1. The "move buffer down optimization"-code in #peek should probably be
moved to #next or #nextPut as proposed by Lex. Seems more logical.
2. Scott's addition of #critical: to SharedQueue seems useful in some
cases. Should have proper comments to explain how it can be used.
3. I have a tiny improvement of #makeRoomAtEnd - currently it grows with
a constant size using #, (unecessary copying) - doubling size using
replaceFrom:to:with:startingAt: seems much better (as
OrderedCollection>>grow does).
4. We should always assume that Process switching can occur between any
two given bytecodes. (even if reality might be different).
5. Currently #flush does not "nil out" the current contents, hinders GC.
Easily fixable.

...and then we come to #isEmpty and #size.

Scott A Crosby <crosby at qwes.math.cmu.edu> wrote:
[SNIP]
> And you can't get an *accurate* size outside the lock on the semaphore.
> #peek below just means that we run a risk of an inaccurate and possibly
> corrupt size. If #size also got #accessProtect, we'd still have this
> inaccuracy...
> 
> For example, what should the value of 'a' be after this runs?
> 
> ``
> q Sharedqueue new.
> a Array new: 2.
> 
> [[ q nextPut: 1 ; next ] repeatForever] fork.
> [[ a at: q size put: (a at: q size)+1] repeatForever] fork.
> 
> "Now run both of them for a minute."
> ''

This is obviously pseudo code but rewritten as:

| q a p1 p2 |
q := SharedQueue new.
a := (Array new: 3) at: 1 put: 0; at: 2 put: 0; yourself
p1 _ [[ q nextPut: 1; next] repeat] fork.
p2 _ [[ a at: q size + 1 put: (a at: q size + 1) + 1] repeat] fork.
(Delay forSeconds: 60) wait.
p1 terminate. p2 terminate.
a inspect

a at: 1 should give us "how many times size answered 1" etc.

I am not sure what the code was meant to show, Scott?
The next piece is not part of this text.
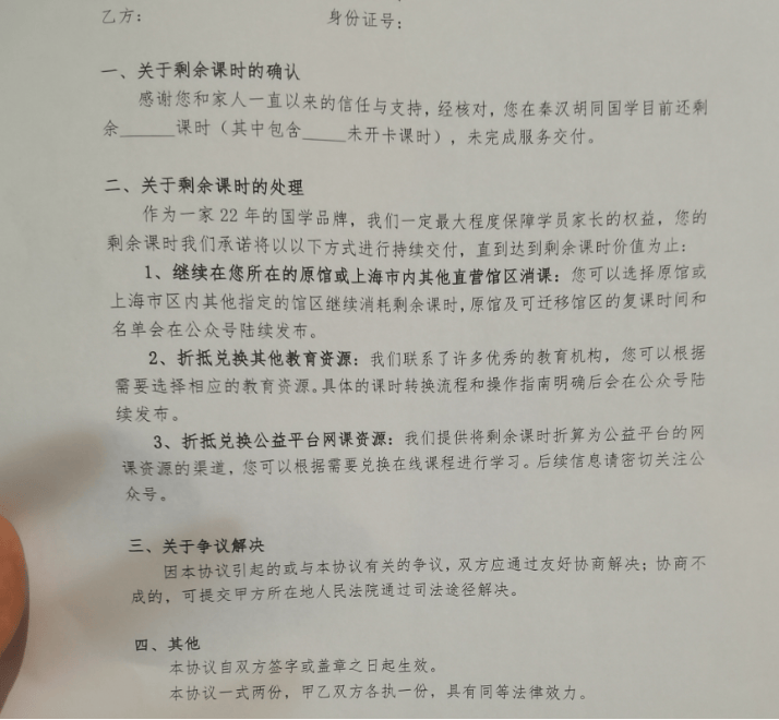 根据协议,秦汉胡同给出了继续在所在的原馆或上海市内其他直营馆区消课、折抵兑换其他教育资源、折抵兑换公益平台网课资源三种解决方案。

Could you explain?
And it does seem "buggy" to me since you call #size twice in each loop
which could give you different answers... Or was that your point?

When changed to:
p2 _ [[ s _ q size + 1. a at: s put: (a at: s) + 1] repeat] fork.

...or:
b _ Bag new.
p2 _ [[ b add: q size] repeat] fork.

I get for these three variations:
#(11148677 11270965 nil)
#(18471587 21643005 nil)
a Dictionary(0->1181866 1->1302894 )

But I don't know what that was supposed to show.
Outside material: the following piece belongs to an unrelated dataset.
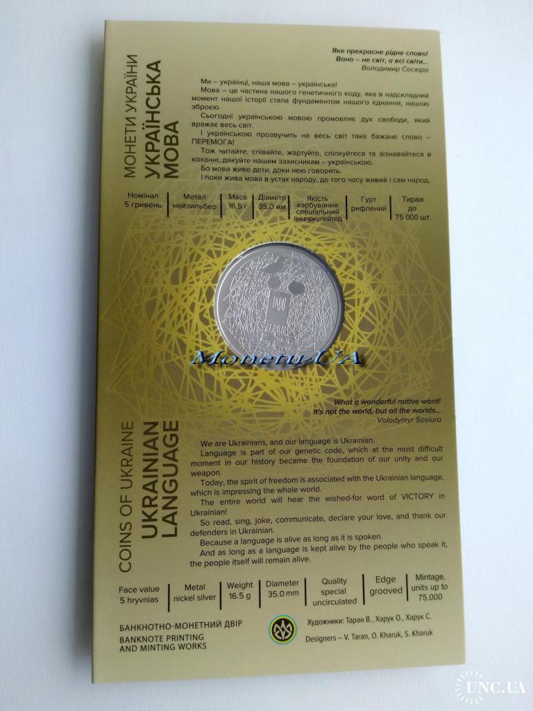 Пам`ятна монета присвячена українській мові. Мова – не лише засіб спілкування, але й носій багатої культурної спадщини, це частина нашого генетичного коду. Саме мова в надскладний момент історії України стала фундаментом нашого єднання, нашою зброєю. Сьогодні українською мовою промовляє дух свободи, який вражає весь світ.

Anyway, if we would protect #size and #isEmpty then those methods could
not be used inside Scott's #critical: (since they would block) and they
still would not be "safe" when used from the outside without #critical:
because there can still be Processes queued up at the readSemaphore or
"just released" from it and just about to get into the accessProtect
semaphore, or already queued up at the accessProtect semaphore.
Translated to english this means that the queue can have readers "queued
up" so naive code like:

q isEmpty not ifTrue:[q next]

...could block because it might be empty after all - the other readers
beat us to it. In short - #size and #isEmpty should be heavily commented
so that people don't get fooled by them.

Actaully, when I come to think of it #nextOrNil is probably pretty buggy
too. Since it doesn't wait on the readSemaphore it just might go
straight by one or more other readers and steal the next object from
them. This could actually make the queue empty and then we would get a
'Error in SharedQueue synchronization' in #next.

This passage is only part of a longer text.